The listing below should be printed exactly, though its pictures must not be.

→ Exercise inputs:
---

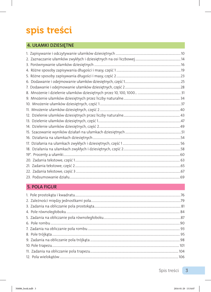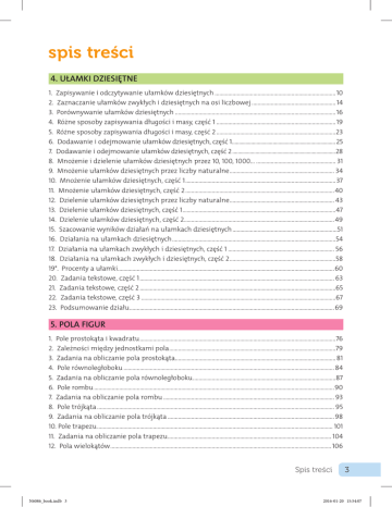 spis treści 4. UŁAMKI DZIESIĘTNE 1. Z apisywanie i odczytywanie ułamków dziesiętnych...................................................................................10 2. Zaznaczanie ułamków zwykłych i dziesiętnych na osi liczbowej.......................................................... 14 3. Porównywanie ułamków dziesiętnych..............................................................................................................16 4. Różne sposoby zapisywania długości i masy, część 1..................................................................................19 5. Różne sposoby zapisywania długości i masy, część 2..................................................................................23 6. Dodawanie i odejmowanie ułamków dziesiętnych, część 1.............................................................................25 7. Dodawanie i odejmowanie ułamków dziesiętnych, część 2.............................................................................28 8. Mnożenie i dzielenie ułamków dziesiętnych przez 10, 100, 1000…....................................................... 31 9. Mnożenie ułamków dziesiętnych przez liczby naturalne........................................................................ 34 10. Mnożenie ułamków dziesiętnych, część 1.......................................................................................................37 11. Mnożenie ułamków dziesiętnych, część 2...................................................................................................... 40 12. Dzielenie ułamków dziesiętnych przez liczby naturalne........................................................................ 43 13. Dzielenie ułamków dziesiętnych, część 1.........................................................................................................47 14. Dzielenie ułamków dziesiętnych, część 2....................................................................................................... 49 15. Szacowanie wyników działań na ułamkach dziesiętnych........................................................................51 16. Działania na ułamkach dziesiętnych................................................................................................................54 17. Działania na ułamkach zwykłych i dziesiętnych, część 1......................................................................... 56 18. Działania na ułamkach zwykłych i dziesiętnych, część 2.........................................................................58 19*. Procenty a ułamki....................................................................................................................................................60 20. Zadania tekstowe, część 1..................................................................................................................................... 63 21. Zadania tekstowe, część 2......................................................................................................................................65 22. Zadania tekstowe, część 3.....................................................................................................................................67 23. Podsumowanie działu............................................................................................................................................69 5. POLA FIGUR 1. P ole prostokąta i kwadratu......................................................................................................................................76 2. Zależności między jednostkami pola..................................................................................................................79 3. Zadania na obliczanie pola prostokąta.............................................................................................................. 81 4. Pole równoległoboku................................................................................................................................................ 84 5. Zadania na obliczanie pola równoległoboku..................................................................................................87 6. Pole rombu....................................................................................................................................................................90 7. Zadania na obliczanie pola rombu..................................................................................................................... 93 8. Pole trójkąta.................................................................................................................................................................. 95 9. Zadania na obliczanie pola trójkąta..................................................................................................................98 10. Pole trapezu................................................................................................................................................................. 101 11. Zadania na obliczanie pola trapezu................................................................................................................ 104 12. Pola wielokątów....................................................................................................................................................... 106 Spis treści N6086_book.indb 3 3 2016-01-20 15:54:07 13. Z adania na obliczanie pól wielokątów........................................................................................................... 110 14. Zadania praktyczne na obliczanie pól wielokątów...................................................................................114 15. Podsumowanie działu.............................................................................................................................................117 
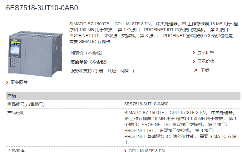 • 规格:6ES75183UT100AB0
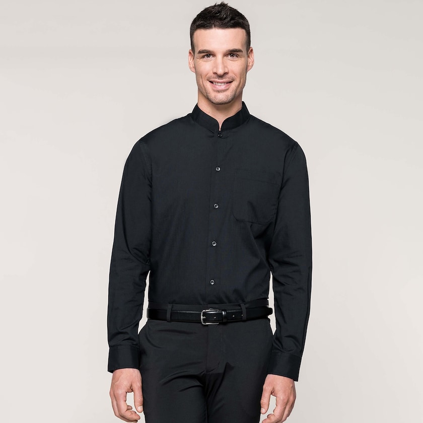 Herrskjorta med mandarinkrage. Skjortan är tillverkad av ett tåligt och lättskött tyg av typen easy-care. Levereras styckförpackad i plastpåse. Finns även som dammodell.
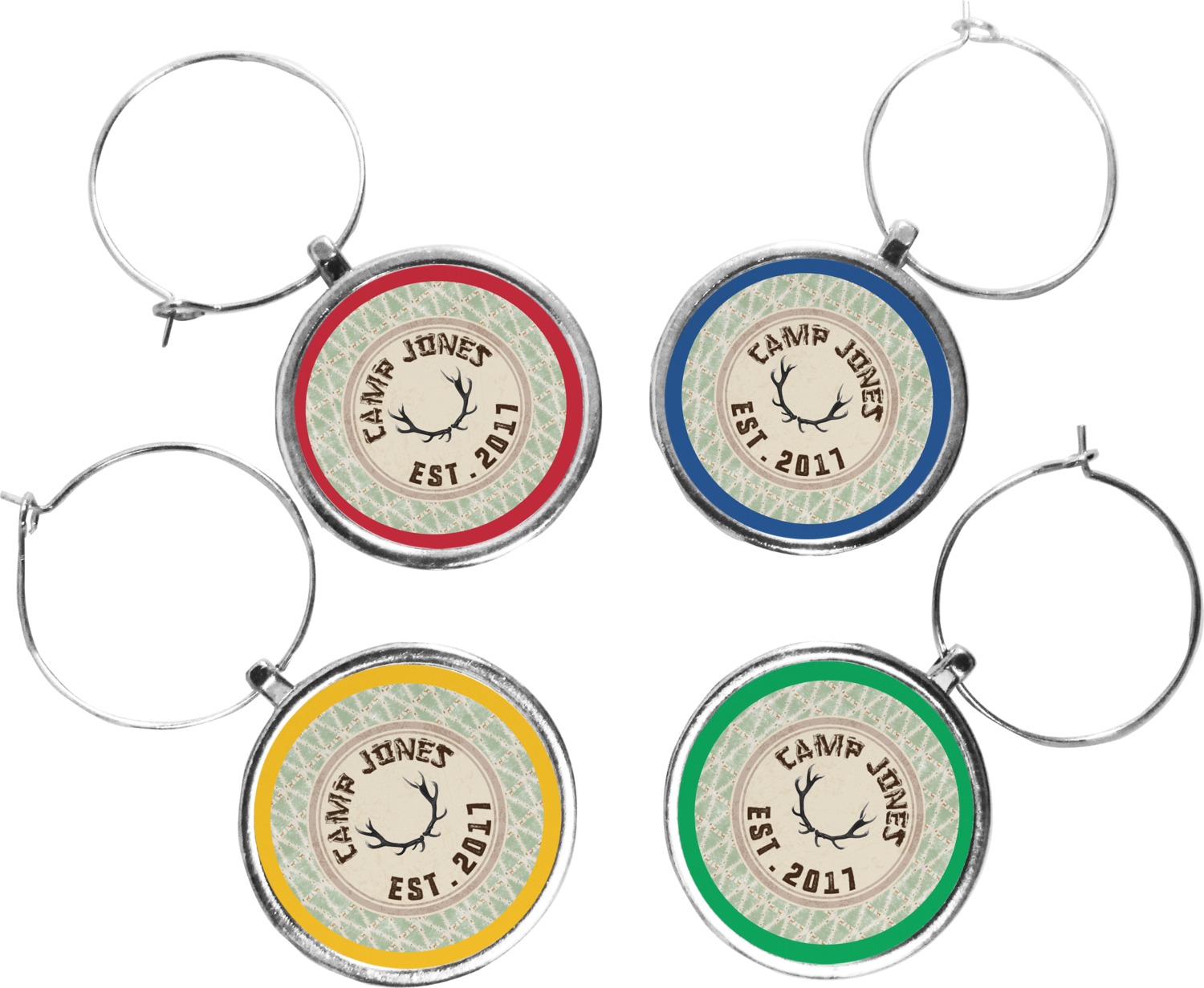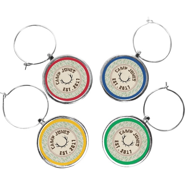 Your wine glass markers are comprised of a circular zinc plate with a 1.25 inch diameter. The zinc plate hangs from a zinc loop, which can be easily secured and removed from the stem of a wine glass. Your customized design is printed onto a 1 inch diameter insert, and then placed into the wine glass charm itself. Though sold in a set of four, you can personalize each charm individually and change the colors of the ring around your design, depending on your needs.
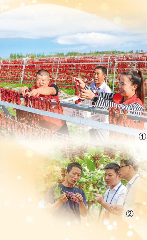 图①:新疆维吾尔自治区博湖县塔温觉肯乡辣椒晒场上,党员志愿服务队帮助村民晾晒辣椒。 |

---

→ Solution below:
 spis treści 4. UŁAMKI DZIESIĘTNE 1. Z apisywanie i odczytywanie ułamków dziesiętnych...................................................................................10 2. Zaznaczanie ułamków zwykłych i dziesiętnych na osi liczbowej.......................................................... 14 3. Porównywanie ułamków dziesiętnych..............................................................................................................16 4. Różne sposoby zapisywania długości i masy, część 1..................................................................................19 5. Różne sposoby zapisywania długości i masy, część 2..................................................................................23 6. Dodawanie i odejmowanie ułamków dziesiętnych, część 1.............................................................................25 7. Dodawanie i odejmowanie ułamków dziesiętnych, część 2.............................................................................28 8. Mnożenie i dzielenie ułamków dziesiętnych przez 10, 100, 1000…....................................................... 31 9. Mnożenie ułamków dziesiętnych przez liczby naturalne........................................................................ 34 10. Mnożenie ułamków dziesiętnych, część 1.......................................................................................................37 11. Mnożenie ułamków dziesiętnych, część 2...................................................................................................... 40 12. Dzielenie ułamków dziesiętnych przez liczby naturalne........................................................................ 43 13. Dzielenie ułamków dziesiętnych, część 1.........................................................................................................47 14. Dzielenie ułamków dziesiętnych, część 2....................................................................................................... 49 15. Szacowanie wyników działań na ułamkach dziesiętnych........................................................................51 16. Działania na ułamkach dziesiętnych................................................................................................................54 17. Działania na ułamkach zwykłych i dziesiętnych, część 1......................................................................... 56 18. Działania na ułamkach zwykłych i dziesiętnych, część 2.........................................................................58 19*. Procenty a ułamki....................................................................................................................................................60 20. Zadania tekstowe, część 1..................................................................................................................................... 63 21. Zadania tekstowe, część 2......................................................................................................................................65 22. Zadania tekstowe, część 3.....................................................................................................................................67 23. Podsumowanie działu............................................................................................................................................69 5. POLA FIGUR 1. P ole prostokąta i kwadratu......................................................................................................................................76 2. Zależności między jednostkami pola..................................................................................................................79 3. Zadania na obliczanie pola prostokąta.............................................................................................................. 81 4. Pole równoległoboku................................................................................................................................................ 84 5. Zadania na obliczanie pola równoległoboku..................................................................................................87 6. Pole rombu....................................................................................................................................................................90 7. Zadania na obliczanie pola rombu..................................................................................................................... 93 8. Pole trójkąta.................................................................................................................................................................. 95 9. Zadania na obliczanie pola trójkąta..................................................................................................................98 10. Pole trapezu................................................................................................................................................................. 101 11. Zadania na obliczanie pola trapezu................................................................................................................ 104 12. Pola wielokątów....................................................................................................................................................... 106 Spis treści N6086_book.indb 3 3 2016-01-20 15:54:07 13. Z adania na obliczanie pól wielokątów........................................................................................................... 110 14. Zadania praktyczne na obliczanie pól wielokątów...................................................................................114 15. Podsumowanie działu.............................................................................................................................................117 
 • 规格:6ES75183UT100AB0
 Herrskjorta med mandarinkrage. Skjortan är tillverkad av ett tåligt och lättskött tyg av typen easy-care. Levereras styckförpackad i plastpåse. Finns även som dammodell.
 Your wine glass markers are comprised of a circular zinc plate with a 1.25 inch diameter. The zinc plate hangs from a zinc loop, which can be easily secured and removed from the stem of a wine glass. Your customized design is printed onto a 1 inch diameter insert, and then placed into the wine glass charm itself. Though sold in a set of four, you can personalize each charm individually and change the colors of the ring around your design, depending on your needs.
 图①:新疆维吾尔自治区博湖县塔温觉肯乡辣椒晒场上,党员志愿服务队帮助村民晾晒辣椒。 |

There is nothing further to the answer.